在这次演讲中,我将首先简要概述最近在符号领域中基于深度学习的自动音乐生成方法。然后我将谈论我们自己的研究,使用基于自我关注的架构,也就是变形金刚,来生成符号音乐。对于《变形金刚》,一种幼稚的方法是将音乐视为一系列类似文本的符号。但是,我们的研究表明,当音乐不被简单地视为文本时,变形金刚可以产生更高质量的音乐。特别是,我们在ACM Multimedia 2020上发表的流行音乐转换器模型,采用了一种新颖的基于节拍的音乐表示,将音乐中存在的小节节奏结构告知自我注意模型。这种方法极大地改善了生成音乐的节奏结构。我们在AAAI 2021上发布了一个最新的模型,名为Compound Word Transformer,它利用了一个音符与多个属性(如音高、持续时间和速度)相关的事实。复合词转换器不是在推理时一个接一个地预测与这些不同属性相对应的标记,而是将它们一起预测,这大大减少了为全长歌曲建模所需的序列长度,也使建模这些属性之间的依赖关系变得更容易。

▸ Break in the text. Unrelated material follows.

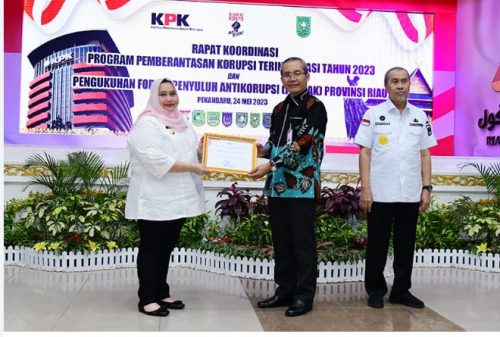 KARIMUNTODAY.COM, PEKANBARU – Dinilai sukses melakukan pemulihan dan penertiban sejumlah aset, Bupati Kasmarni menerima apresiasi dari Komisi Pemberantasan Korupsi (KPK).

本文章由计算机程序翻译,如有差异,请以英文原文为准。
查看原文
分享 分享
微信好友 朋友圈 QQ好友 复制链接
本刊更多论文
Automatic Music Composition with Transformers
In this talk, I will first give a brief overview of recent deep learning-based approaches for automatic music generation in the symbolic domain. I will then talk about our own research that employs self-attention based architectures, a.k.a. Transformers, for symbolic music generation. A naive approach with Transformers would treat music as a sequence of text-like tokens. But, our research demonstrates that Transformers can generate higher-quality music when music is not treated simply as text. In particular, our Pop Music Transformer model, published at ACM Multimedia 2020, employs a novel beat-based representation of music that informs self-attention models with the bar-beat metrical structure present in music. This approach greatly improves the rhythmic structure of the generated music. A more recent model we published at AAAI 2021, named the Compound Word Transformer, exploits the fact that a musical note is associated with multiple attributes such as pitch, duration and velocity. Instead of predicting tokens corresponding to these different attributes one-by-one at inference time, the Compound Word Transformer predicts them altogether jointly, greatly reducing the sequence length needed to model a full-length song and also making it easier to model the dependency among these attributes.
求助全文
通过发布文献求助,成功后即可免费获取论文全文。 去求助
来源期刊
CiteScore
1.40
自引率
16.70%
发文量
23
期刊最新文献
The Role of the Combination of 3D Simulation Sequence Diagram and Video Motion Recognition Technology in Evaluating and Correcting Dancers' Dance Moves Fuzzy Learning-Based Electric Measurement Data Circulation Monitoring and Security Risk Anomaly Evaluation Youth Sources of News During the COVID-19 Period An End-to-End Network Evaluation Method for Differentiated Multi-Service Bearing in VPP Biometric Authentication Methods on Mobile Platforms
×
引用
GB/T 7714-2015
复制
MLA
复制
APA
复制
导出至
BibTeX EndNote RefMan NoteFirst NoteExpress
×
×
提示
您的信息不完整,为了账户安全,请先补充。
现在去补充
×
提示
您因"违规操作"
具体请查看互助需知
我知道了
×
提示
现在去查看 取消
×
提示
确定
0
微信
客服QQ
Book学术公众号 扫码关注我们
反馈
×
意见反馈
请填写您的意见或建议
请填写您的手机或邮箱
已复制链接
已复制链接
快去分享给好友吧!
我知道了
×
扫码分享
扫码分享
Book学术官方微信
Book学术文献互助
Book学术文献互助群
群 号:481959085
Book学术
文献互助 智能选刊 最新文献 互助须知 联系我们:info@booksci.cn
Book学术提供免费学术资源搜索服务,方便国内外学者检索中英文文献。致力于提供最便捷和优质的服务体验。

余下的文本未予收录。